TASK TO COMPLETE>
The data should be written out in full, exactly as it stands, and the pictures dropped.

DATA>
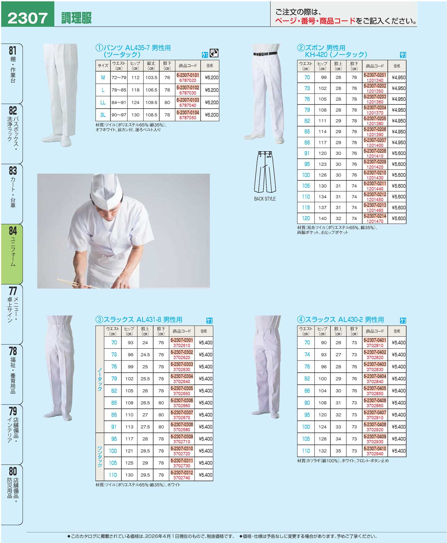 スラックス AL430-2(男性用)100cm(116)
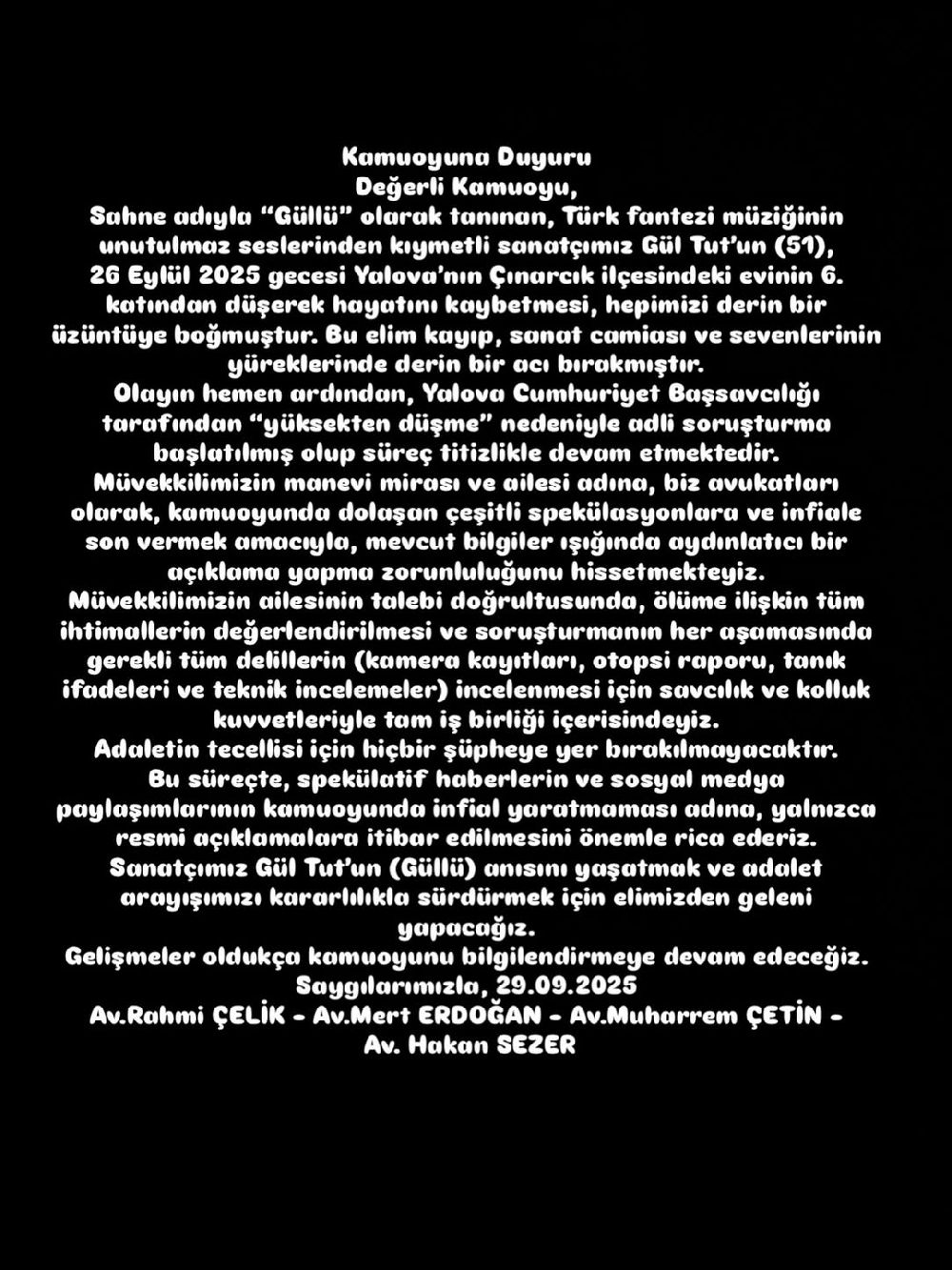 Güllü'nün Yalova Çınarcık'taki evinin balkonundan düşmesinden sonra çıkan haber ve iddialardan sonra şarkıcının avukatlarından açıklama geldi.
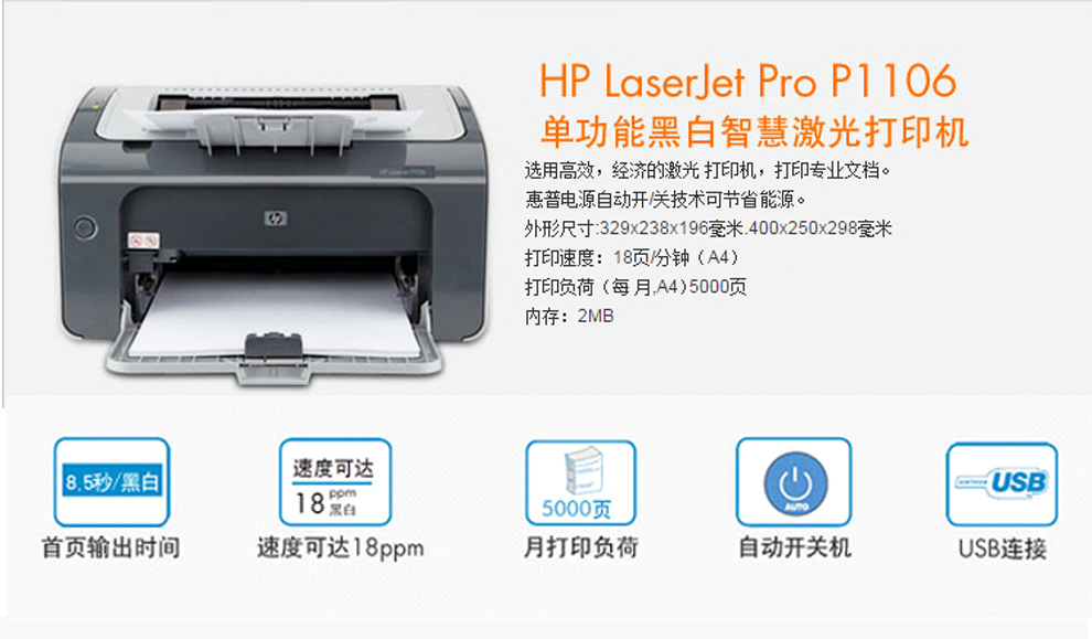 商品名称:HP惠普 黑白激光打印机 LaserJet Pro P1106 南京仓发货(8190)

WRITTEN SOLUTION>
 スラックス AL430-2(男性用)100cm(116)
 Güllü'nün Yalova Çınarcık'taki evinin balkonundan düşmesinden sonra çıkan haber ve iddialardan sonra şarkıcının avukatlarından açıklama geldi.
 商品名称:HP惠普 黑白激光打印机 LaserJet Pro P1106 南京仓发货(8190)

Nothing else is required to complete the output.